If by stress on untidiness a protest be entered against prematurely forcing a tidy scheme on a set of facts which do not admit of that scheme's tidy neatness-well and good. This is a wise reminder of the imperfect nature of our generalisations (which must express what is salient) in view of the extraordinary complexity of the factual texture as we rise to higher pyramidal levels in emergent evolution. But if it mean that “in reality” there is no consistent and coherent scheme for naturalistic interpretation-that I should urge is an assumption which is tantamount to a fatal bar to progress in scientific interpretation. At all events emergent evolution proceeds on the hypothesis-to be tried out on its merits-that there is a natural coherent and consistent plan of relatedness to which its interpretation has reference; and that belief in any fundamental untidiness (if this mean absence of causal order) should have no place in a philosophical creed of any constructive worth.
Hence emphasis on orderly relatedness as a feature of reality worthy of such emphasis forms a plank in the platform of emergent evolution. But I expressed a hope that some such view of reality might be more widely though not universally accepted. The philosophical doctrine of neoidealists is in many respects quite divergent from our interpretation. Is it so in this respect? Of neo-idealism Mr. Wildon Carr says that from its philosophical standpoint “reality in its fundamental and universal meaning is mind or spirit. Mind in this universal meaning is not an abstract thing opposed to nature or an entity with its place among other entities in space and in time it is concrete experience in which subject-object mind-nature spirit-matter exist in an opposition which is also a necessary relation. Apart from their relation the opposites are meaningless abstractions... Experience is analysable but cannot be dissociated into constituent elements” (P. A. S. 1921–2 p. 124). Here it is urged in effect (1) that all experience is subject to relatedness and (2) that all relatedness is experiential. Those who are not neo-idealists may accept (1) and reject (2). But that important as it may be is not just now the point. The point is that relatedness as I call it is in the neo-idealist doctrine an essential feature of reality.
Common to neo-idealism and to new realism (at any rate in one of its forms) is the acceptance of phenomena or appearances within experience as themselves real and indeed for such new realism as the only reality with which science is concerned. They can thus combine forces against those who acknowledge physical events as existent independently of experience. Thus Mr. Wildon Carr on the one part says that “to constitute a common object it is not necessary to place the existence of that object outside experience and independent of it; all that is necessary is that one individual should be able to refer to an object in his experience which corresponds point to point with the object in another individual's experience.” And Mr. Percy Nunn on the other part says that “physical objects are but syntheses of or constructs from sense-data.” New realists (of his persuasion) he tells us “have taught explicitly that the varying appearances of the ‘same thing’ to different observers are not diverse mental reactions to an identical material cause but are correlated sense-data or ‘events’ belonging to a single historical series” (P. A. S. 1921–2 pp. 125–128).

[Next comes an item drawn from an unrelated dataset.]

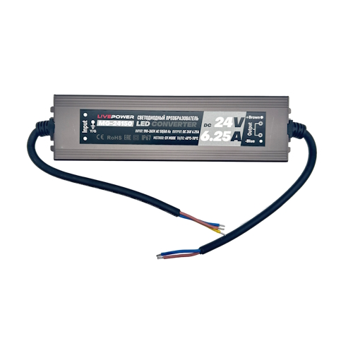 Блок питания для LED ленты 24V 150W 6.25A IP67 MG-24150

I may be concerned to advocate an evolutionary interpretation of the facts different from that which the phenomenalist accepts. But such divergence of view is not ad rem just now. The point rather is that the kind of co-relation on which new realists of the phenomenalist school so often and rightly insist falls under the rubric of relatedness. Their position is not quite that of H. Poincaré who acknowledged “real objects which nature will hide for ever from our eyes.” But they would I think endorse his stress on relatedness. “The true relations” he says “between these real objects are the only reality we can attain and the sole condition is that the same relations shall exist between these objects as between the images we are forced to put in their place” (S. H. p. 161).
It seems then that we shall not be ploughing a lonely furrow in proceeding on the basis that relatedness fundamentally orderly is a cardinal feature of reality.

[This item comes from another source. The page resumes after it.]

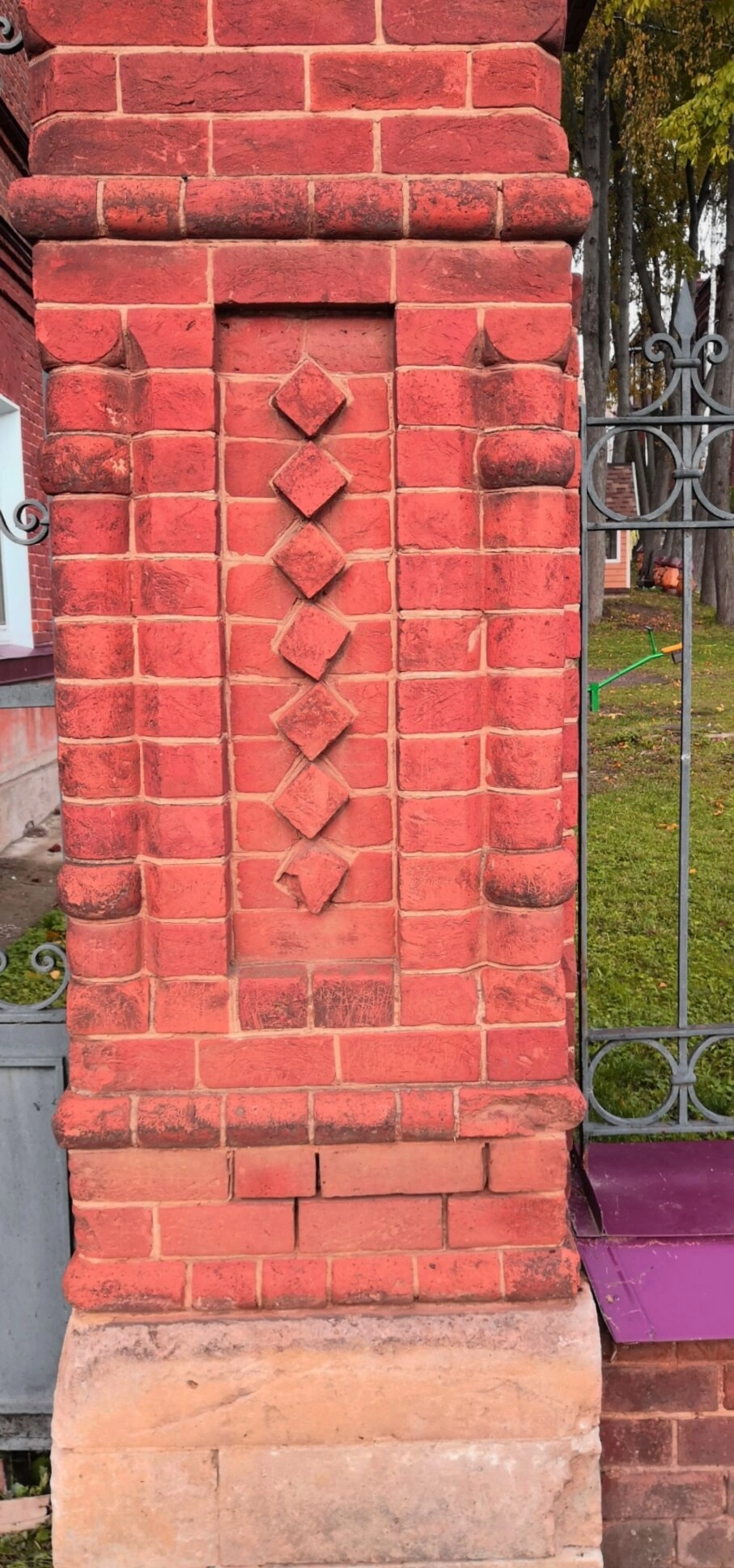 Фрагмент кирпичного столба ограды Церкви Рождества Богородицы в Некрасовском

§ XXXIII. Qualities and Properties.
Of emergent evolution in so far as it claims to be a philosophical system idealists say that instead of explaining (as any self-respecting philosophy should explain) the world in terms of mind it vainly endeavours to interpret mind as itself the outcome of an evolutionary process.

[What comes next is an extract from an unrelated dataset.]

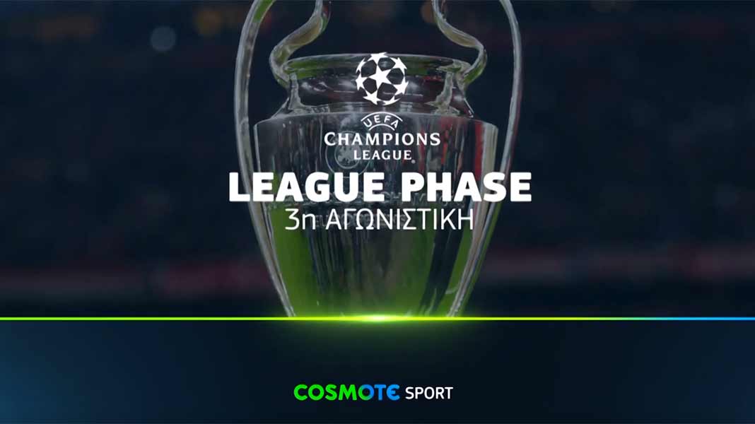 Η 3η αγωνιστική της League Phase του UEFA Champions League έρχεται το διήμερο 21-22/10 στην COSMOTE TV. Ο Ολυμπιακός θα ταξιδέψει στη Βαρκελώνη για να βρεθεί αντιμέτωπος με την πρωταθλήτρια Ισπανίας, Μπαρτσελόνα (21/10, 19.45, COSMOTE SPORT 2HD & 4K). Από το πρόγραμμα το διημέρου ξεχωρίζει, επίσης, η «μάχη» ανάμεσα στην Άρσεναλ του Μικέλ Αρτέτα και στην Ατλέτικο Μαδρίτης του Ντιέγκο Σιμεόνε (21/10, 22.00, COSMOTE SPORT 4HD & START), καθώς και η «επανάληψη» του τελικού του 2017 μεταξύ Ρεάλ Μαδρίτης και Γιουβέντους (22/10, 22.00, COSMOTE SPORT 2HD & 4Κ). Τον παλμό της ποδοσφαιρικής δράσης θα μεταφέρει η δημοσιογραφική ομάδα των καναλιών COSMOTE SPORT, μέσα από πλούσια ρεπορτάζ και ειδικές εκπομπές.

Can we find here any common basis of agreement? I take it that both parties do agree that our knowledge of the world depends on experiential relatedness. Where then is the locus of disagreement? The idealist says that the existence of the world as a going concern depends on experiential relatedness. The evolutionist says that experiential relatedness involves the existence of the world in which very late in the course of events it has appeared. The one says that the world itself depends on knowledge;the other says that knowledge involves the prior existence of a world to be known. The one says: Apart from knowledge (in some sense) the world would be non-existent (cf. Lord Haldane R. R. p. 30). The other says: Apart from a world independently existent (in some sense) there could be no knowledge thereof. We are in presence of alternative “as ifs.” Each hypothesis has to be tested and tried out on its merits so far as the nature of the problem permits. It is of little avail for the supporters of this one or of that to be petulantly impatient of the alternative hypothesis as is too often the case in both camps.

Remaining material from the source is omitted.